Acho que se os líderes desse mundo ― e não somente aqueles que ocupam cargo de liderança ― tivessem coragem verdadeira, agissem com o coração, eu tenho certeza de que a gente estaria num mundo muito melhor. E como eu sou uma otimista, pretendo espalhar cada vez mais essa grande missão. 

Como vocês estão lidando com o avanço da inteligência artificial e das novas tecnologias? 

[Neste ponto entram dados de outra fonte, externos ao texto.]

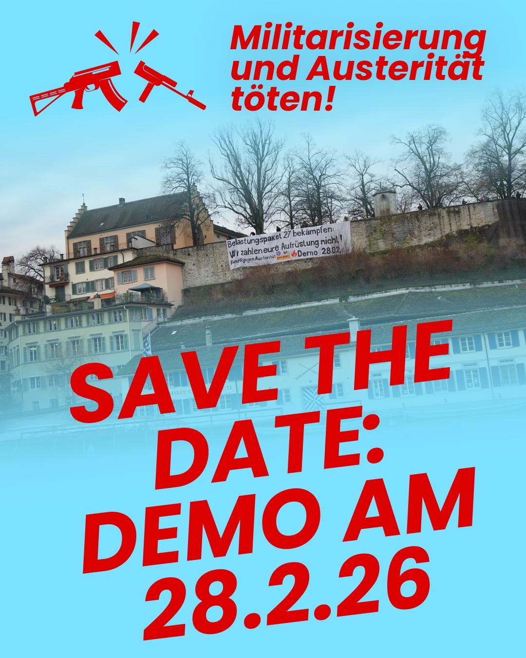 Während Milliarden in die Aufrüstung fliessen, werden Bildung, Gesundheit und soziale Sicherheit kaputtgespart. In der Schweiz sollen mit dem « Entlastungspaket 2027 » Kürzungen im Asylwesen, bei Bildung und Forschung, beim Opferschutz, beim Klimaschutz und zahlreichen weiteren Bereichen durchgeführt werden – zugunsten der Armee.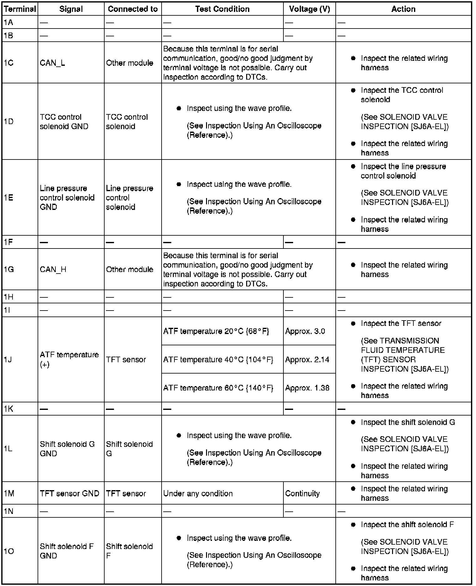 - Use the ground of terminal 1P and 1X of the TCM when measuring terminal voltage, as an error may occur when connecting the negative circuit tester to ground.

Quando falamos em inteligência artificial, e voltando até para a questão da regulação, tem um livro muito interessante do nosso presidente, Brad Smith, junto com a Carol Ann Browne, que já tem a versão em português, que se chama Armas e Ferramentas. A tecnologia, e de modo geral temos falado muito mais da inteligência artificial hoje, e tantas outras tecnologias que estão vindo a partir daí, pode ser usada de duas formas: para o bem ou para o mal.

Falo em usar a tecnologia de uma maneira responsável, ética e respeitando a diversidade, sem vieses, endereçando as questões mais desafiadoras da humanidade: usar como uma grande ferramenta, habilitadora da economia de um país, como solução de problemas, sejam eles climáticos, sejam eles na área de saúde. Enfim, tem diversos exemplos. 

Mas, sem dúvida, a tecnologia pode ser usada, inclusive a inteligência artificial, para questões antiéticas, como, por exemplo,  em lugares onde não há democracia, você pode usar a tecnologia como um meio de controle. 

Temos que ter cuidado com algumas tecnologias, sem dúvida, por isso essa questão da regulação é importante, dando os princípios e as orientações. Então acho que o Brasil está nessa linha de olhar para a inteligência artificial e regular essa área de inteligência artificial de uma maneira principiológica positiva, esperando extrair dessa tecnologia o melhor que ela tem a oferecer. 

Mas, sem dúvida, precisamos ter esse olhar atento, esse cuidado de atuar. E aí eu acho que as empresas de tecnologia têm esse papel também de ter essa responsabilidade, de cuidar do desenvolvimento das suas soluções, de cuidar da evolução, do desenvolvimento dessa tecnologia, respeitando todos esses princípios éticos, respeitando a regulação, para que a gente garanta cada vez mais que haverá um mundo em que isso seja usado muito mais como ferramenta do que como arma.